Centuries-old mystery
Astronomers have for centuries studied tell-tale signs of the sun's magnetic activity. The Renaissance polymath Galileo Galilei made the first detailed observations of sunspots – dark patches caused by changes in the sun's magnetic field – in 1612 using early astronomical telescopes of his invention.
The solar dynamo converts energy from the sun's roiling, super-hot plasma into a powerful magnetic field. While the sun is known to go through 11-year cycles during which solar activity grows increasingly intense, nearly all the detail about what happens below the surface – including the starting point of the solar dynamo – has remained unclear for centuries.
Previous research suggested the dynamo process begins at the bottom of a deep ocean of churning gasses more than 130,000 miles below the surface. Now, mathematical modelling using a NASA supercomputer by a team led by the University of Edinburgh indicates the process originates relatively nearer to the surface, some 20,000 miles below.

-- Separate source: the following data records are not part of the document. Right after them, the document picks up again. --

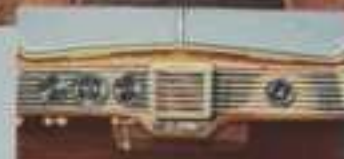
Among Custom Interior color choices is the rich, luxurious Temple Brown with handsome instrument panel colored to match perfectly.
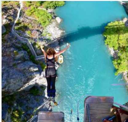
Bunjee in New Zealand
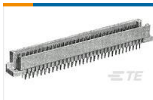
TE Part #650477-5 048 EURO TYPE R PIN ST ASSY
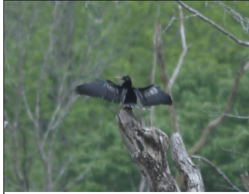
Anhinga, Muhlenberg 11 May 2013
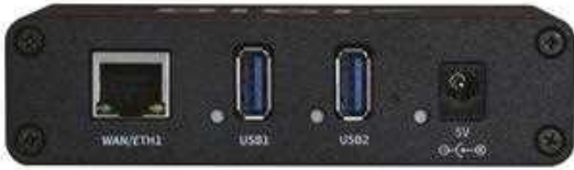
ANYWHEREUSB 2 PLUS FRONT
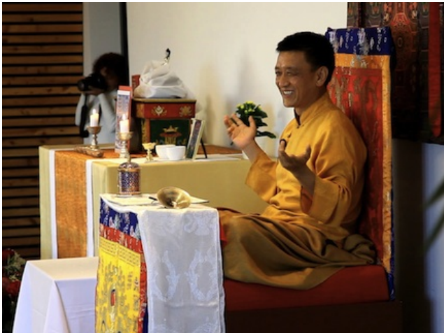
Rinpoche teaches in Austria
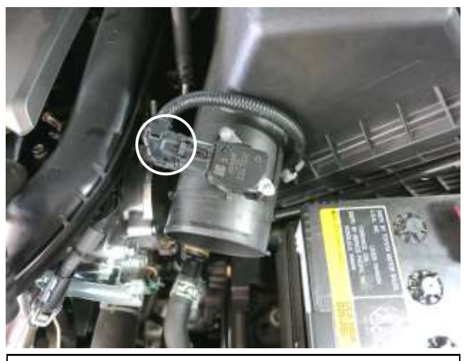
g. Depress the clip and remove the mass air flow (MAF) sensor connector from the sensor.
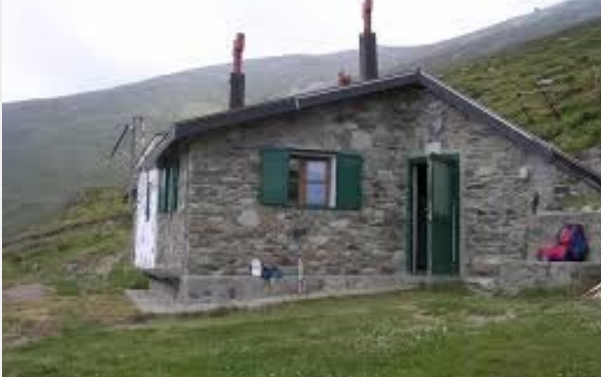
Il Rifugio Valcaira
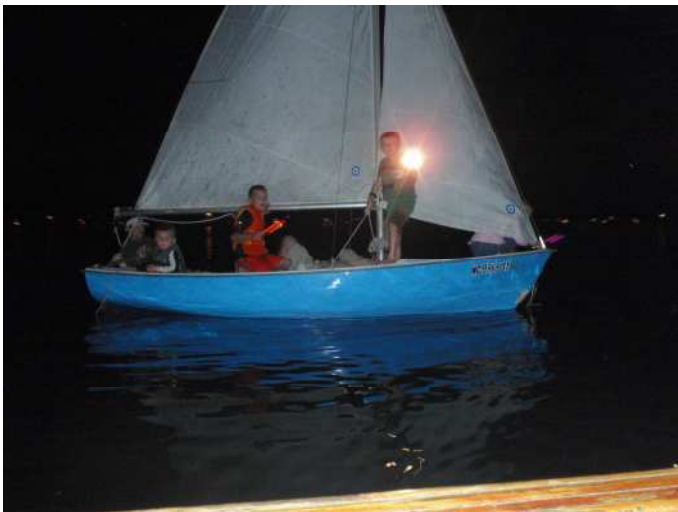
The Kurtzweil kids out during the moonlight sail.
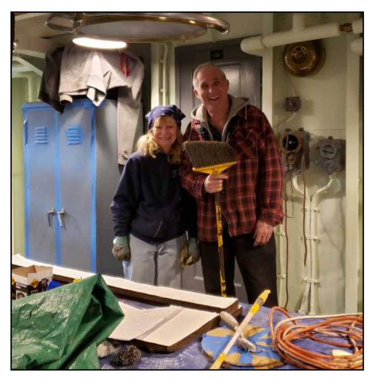
Sure, we can have this cleaned up for opening day.
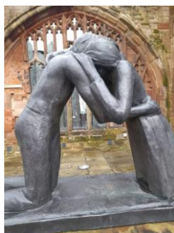
Bronze sculpture in the ruins of Coventry Cathedral

Bring comfort to those who grieve, shelter to those who are homeless, and sustenance to those who hunger and thirst. God of mercy, open our hearts to your grace, so that we are filled with compassion and a generosity of spirit, and inspire us to take action. Spirit of love, pour out your peace like a healing balm, which brings hope in place of despair.
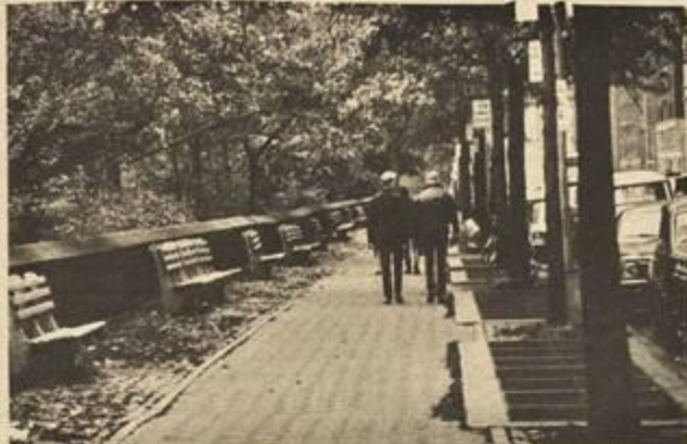
Central Park West: Graveyard cruising grounds

West Siders grew richer and/or more pretentious and moved to the Village or the East Side—or the suburbs. There was always a gay tenant to replace him. (Note to sociologists: why is there a new gay "generation" every five years? There was one in 1959-60, another in 1964-65, and we're still assimilating the 1969-70 one.)
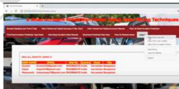
Fig.2. Login details.
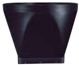
Straight Drop Boot

Multiple outlet requirements can be easily handled by our 22" (559mm) all metal boot. This boot, which can be fitted to any GSI grain hopper tank, will allow installation of up to four feed lines in several directions at once. GSI's 16" (406mm) parabolic boot (available in straight drop or 30° models) is made from the very latest in ultra high impact polypropylene for greater flexibility, dependability and durability.
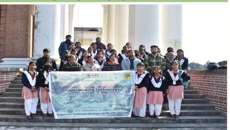
ICFRE- FRI organized "Paper Making Technology Programme" at ICFRE-FRI, Dehradun

ICFRE-FRI, Dehradun organized "Paper Making Technology programme on 21<sup>st</sup> February 2025. 21 students from Bhawani Balika Inter College, Ballupur, Dehradun participated in programme.

They found that strong winds near the solar surface drive the creation of magnetic fields through a process that previous theories had overlooked, called the magnetorotational instability, which also occurs around black holes and young planetary star systems.

Impact on Earth
The most powerful solar storm known to have hit Earth was the so-called Carrington Event in 1859, which damaged the fledgling telegraph system and caused striking worldwide auroral displays. A storm of similar intensity would wreak havoc on Earth today, the team says, given that so many aspects of modern life depend on electricity. A similar storm in 2012 missed Earth by only nine days.
However, with enough warning about incoming solar storms – which can reach Earth in as little as 15 hours – engineers could take steps to prevent catastrophic damage to electronics networks, they add.